- **DIRECTIONS**
From the line containing "인천광역시와 인천관광공사는 지역" down to the line containing "全市场所有行业板块中主力多头", copy out the entries below exactly, both lines included, and nothing else; pictures do not belong in the copy.

- **RECORD EXTRACTS**
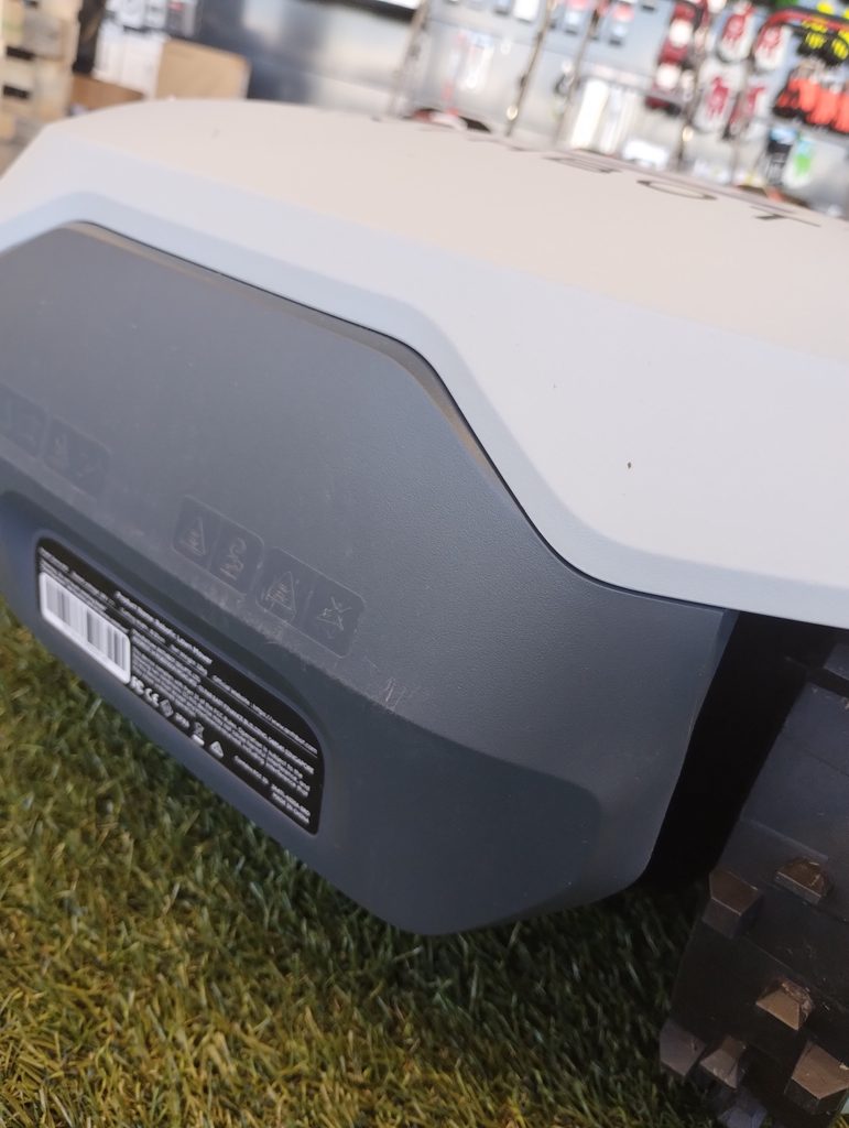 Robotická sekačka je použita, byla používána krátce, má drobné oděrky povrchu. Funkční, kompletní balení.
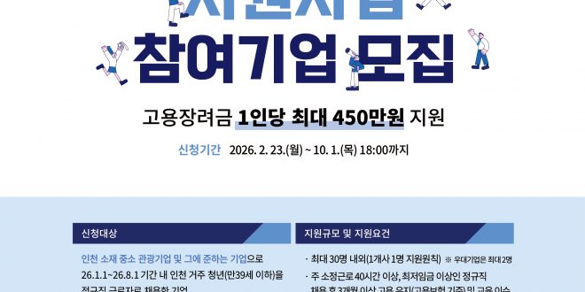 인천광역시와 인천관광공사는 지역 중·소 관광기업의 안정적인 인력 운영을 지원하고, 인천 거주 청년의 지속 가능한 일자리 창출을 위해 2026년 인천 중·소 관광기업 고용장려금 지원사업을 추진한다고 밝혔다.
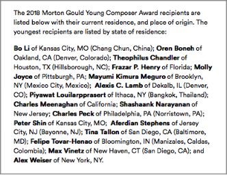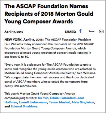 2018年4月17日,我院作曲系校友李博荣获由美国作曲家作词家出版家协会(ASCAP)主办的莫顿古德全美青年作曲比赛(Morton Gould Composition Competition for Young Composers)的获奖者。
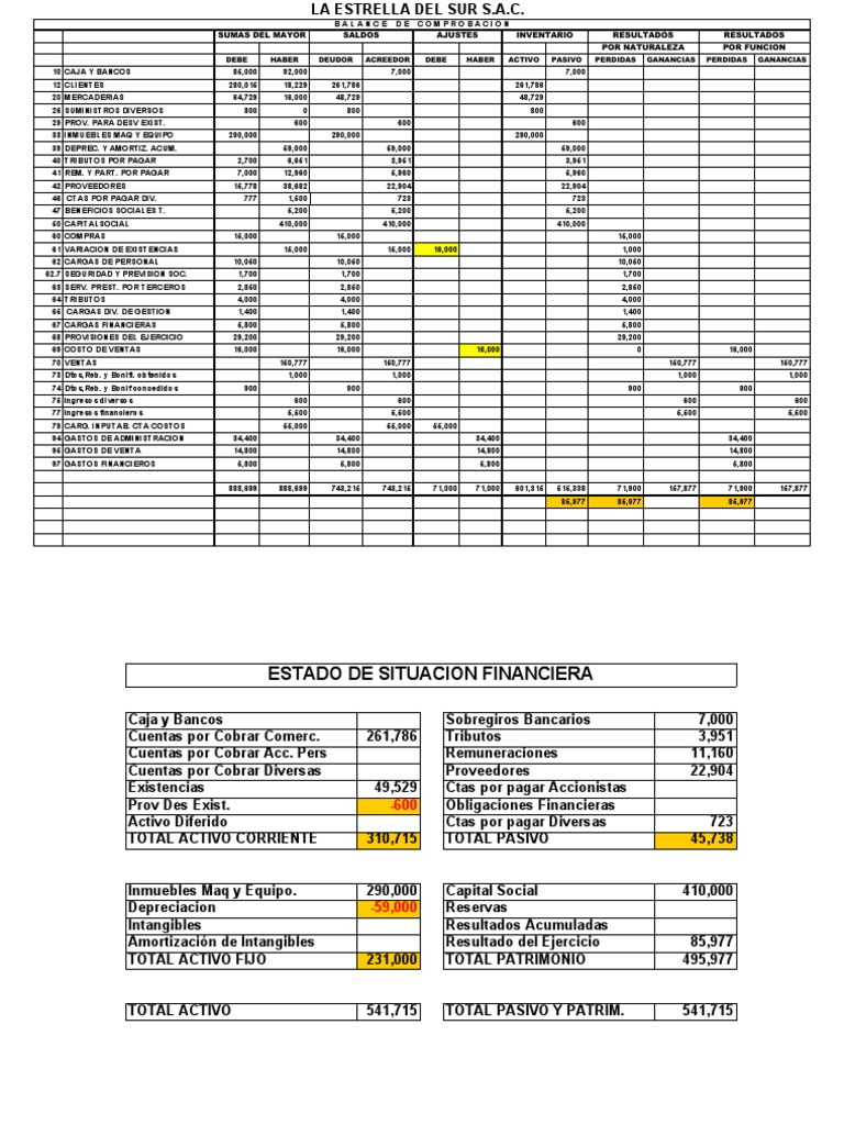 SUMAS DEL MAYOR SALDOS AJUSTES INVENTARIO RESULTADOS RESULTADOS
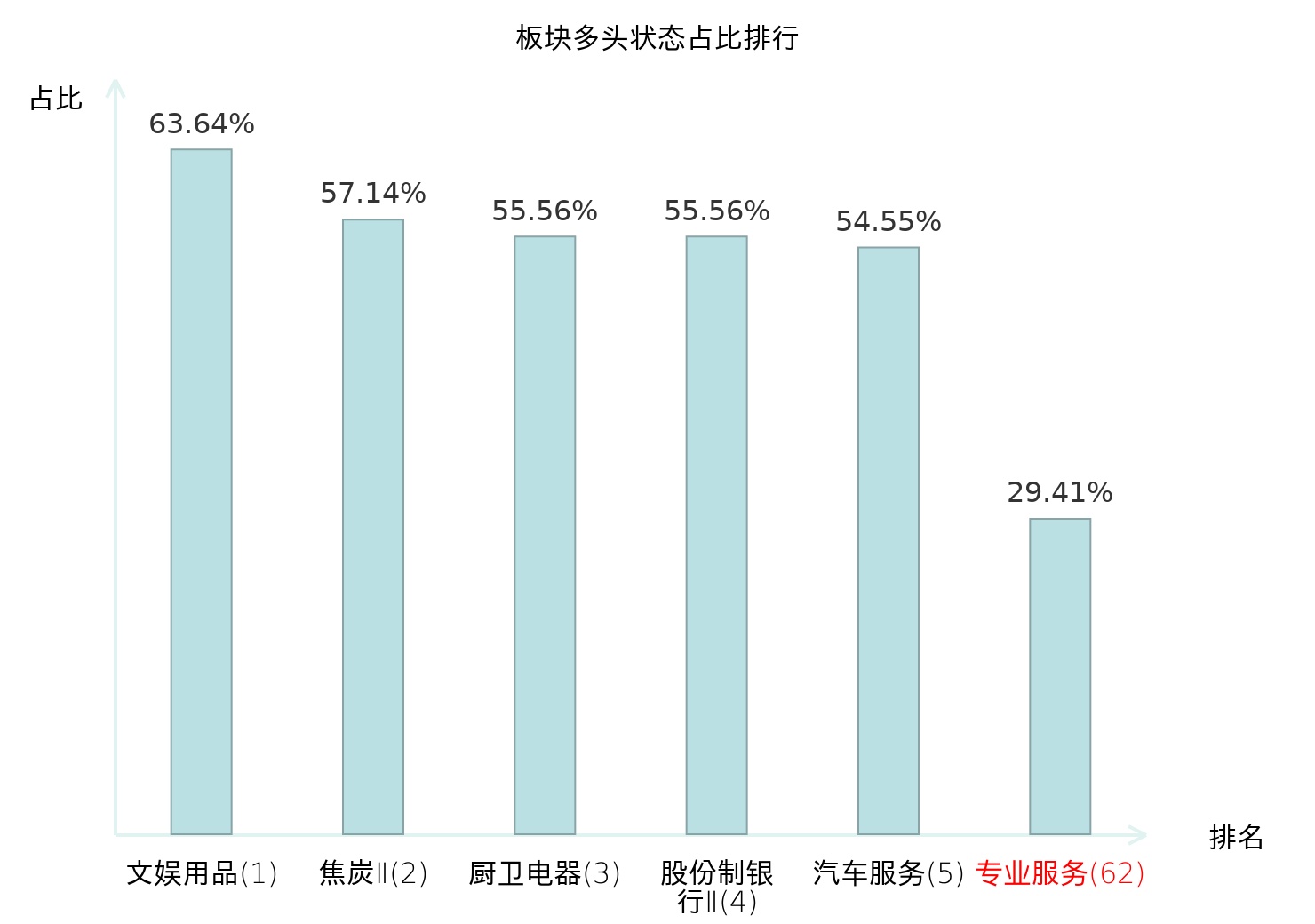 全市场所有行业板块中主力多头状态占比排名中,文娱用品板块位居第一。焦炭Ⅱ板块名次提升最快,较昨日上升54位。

--

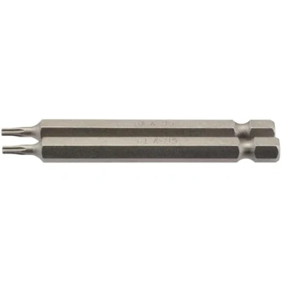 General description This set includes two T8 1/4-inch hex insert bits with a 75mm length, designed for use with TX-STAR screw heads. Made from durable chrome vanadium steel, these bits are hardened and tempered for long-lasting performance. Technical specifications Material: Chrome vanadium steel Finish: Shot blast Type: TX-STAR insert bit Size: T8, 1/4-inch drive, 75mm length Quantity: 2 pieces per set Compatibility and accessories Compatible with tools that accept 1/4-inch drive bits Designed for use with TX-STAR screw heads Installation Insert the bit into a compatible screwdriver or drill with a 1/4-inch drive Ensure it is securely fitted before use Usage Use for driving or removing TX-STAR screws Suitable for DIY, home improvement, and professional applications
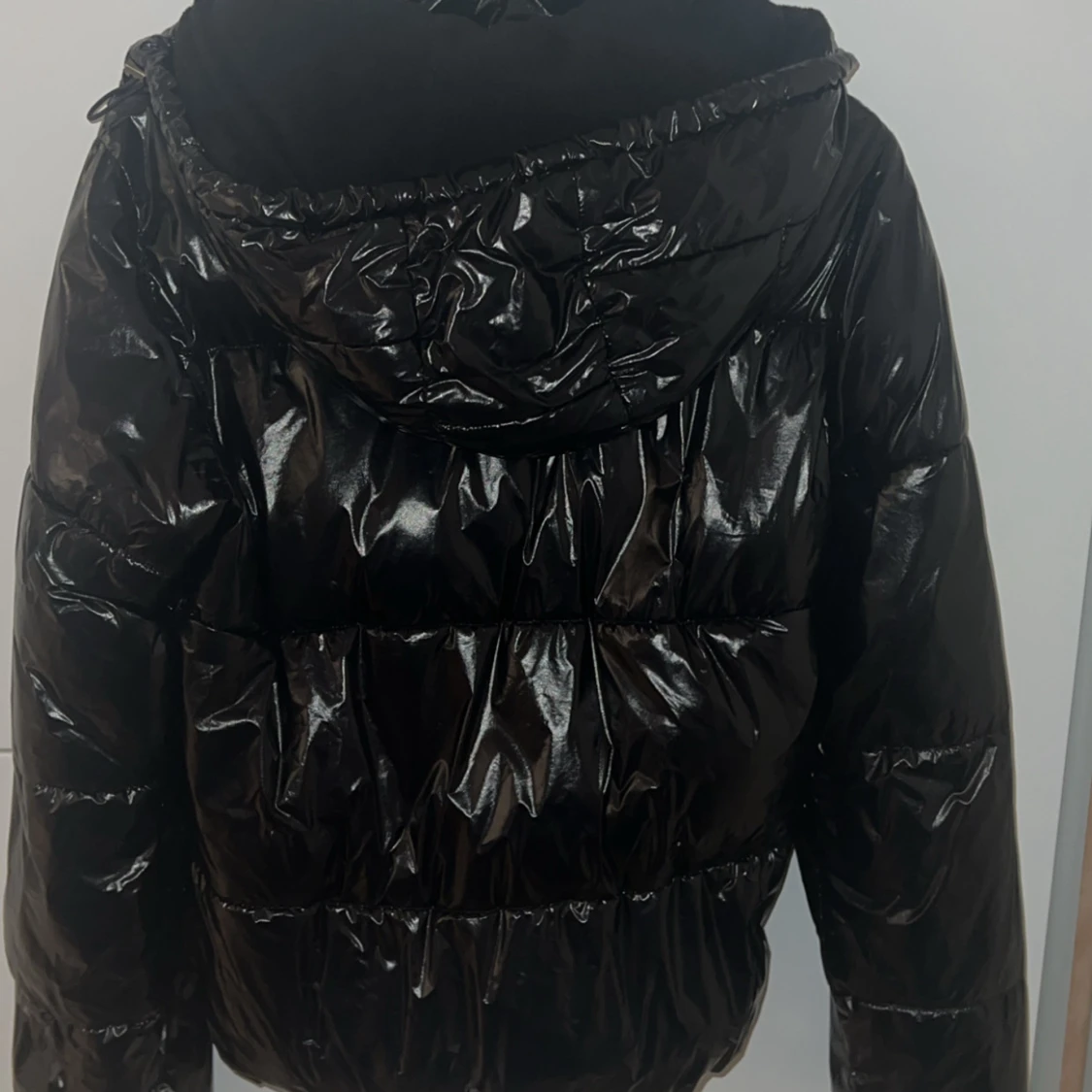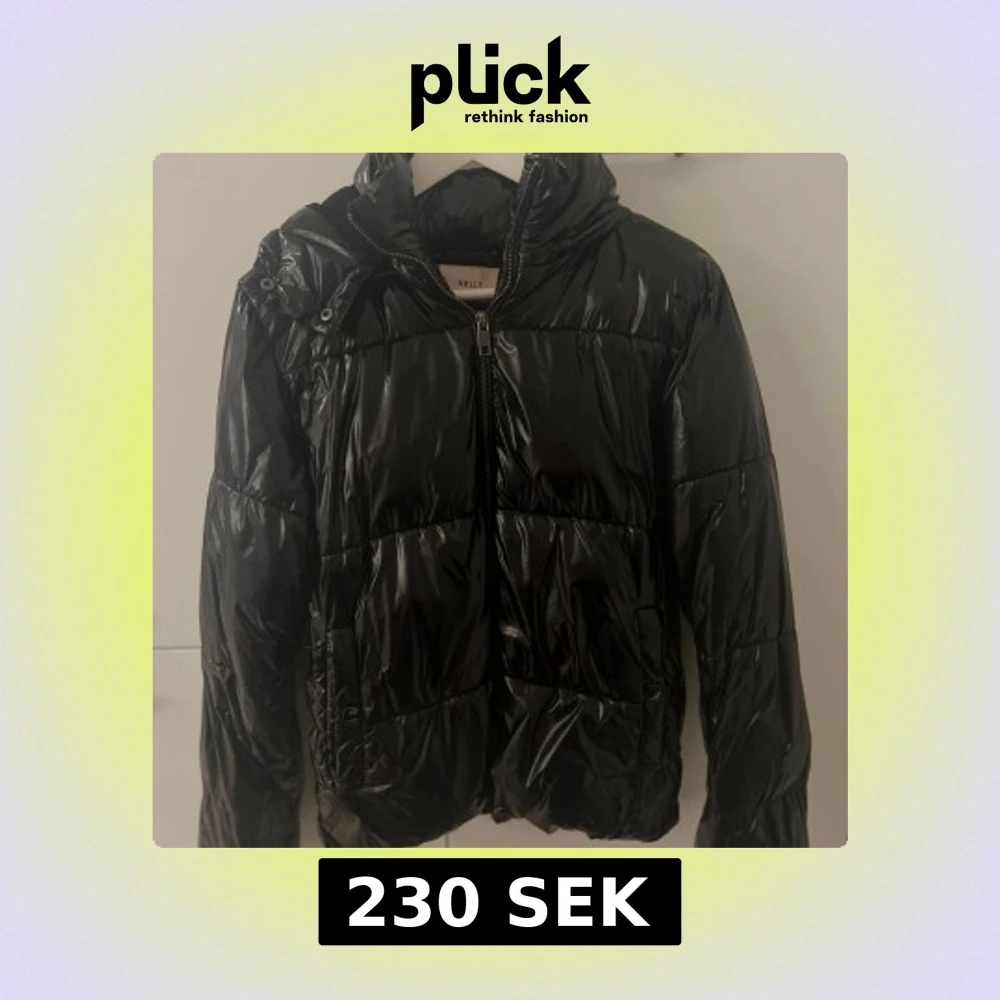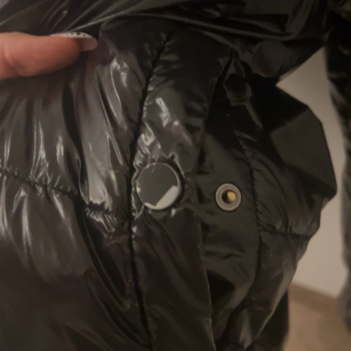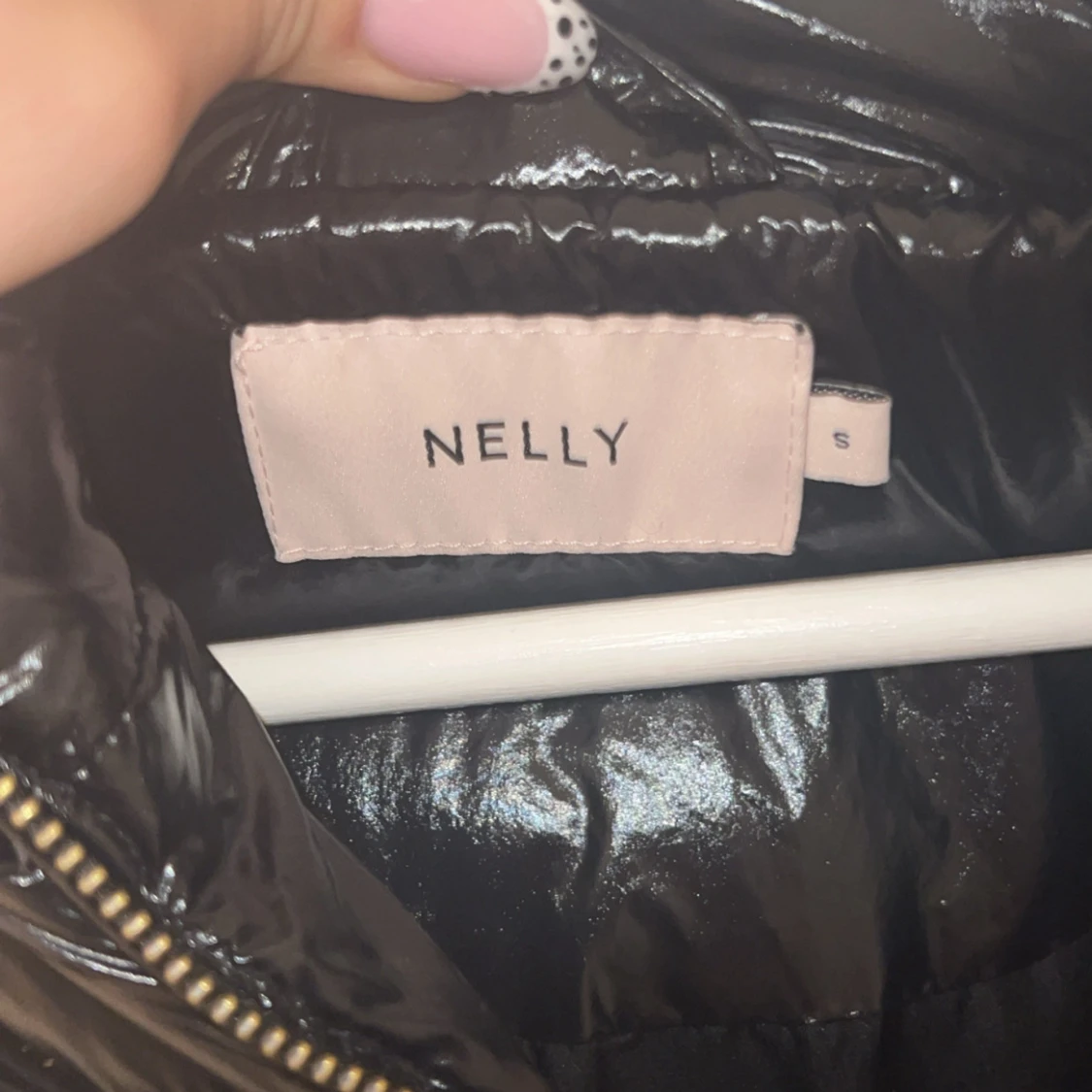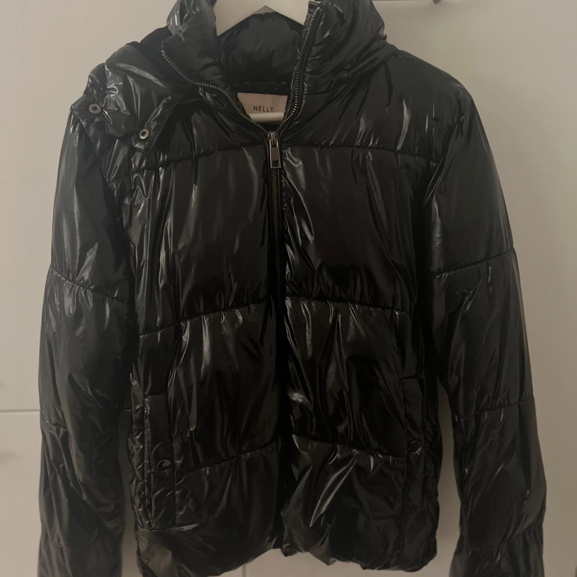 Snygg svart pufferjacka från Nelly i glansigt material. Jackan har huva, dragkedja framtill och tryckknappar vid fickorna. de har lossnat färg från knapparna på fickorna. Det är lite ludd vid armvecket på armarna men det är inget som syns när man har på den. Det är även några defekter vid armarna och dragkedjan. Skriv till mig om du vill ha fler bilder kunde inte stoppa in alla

- **OUTPUT FOR THIS EXERCISE**
 인천광역시와 인천관광공사는 지역 중·소 관광기업의 안정적인 인력 운영을 지원하고, 인천 거주 청년의 지속 가능한 일자리 창출을 위해 2026년 인천 중·소 관광기업 고용장려금 지원사업을 추진한다고 밝혔다.
 2018年4月17日,我院作曲系校友李博荣获由美国作曲家作词家出版家协会(ASCAP)主办的莫顿古德全美青年作曲比赛(Morton Gould Composition Competition for Young Composers)的获奖者。
 SUMAS DEL MAYOR SALDOS AJUSTES INVENTARIO RESULTADOS RESULTADOS
 全市场所有行业板块中主力多头状态占比排名中,文娱用品板块位居第一。焦炭Ⅱ板块名次提升最快,较昨日上升54位。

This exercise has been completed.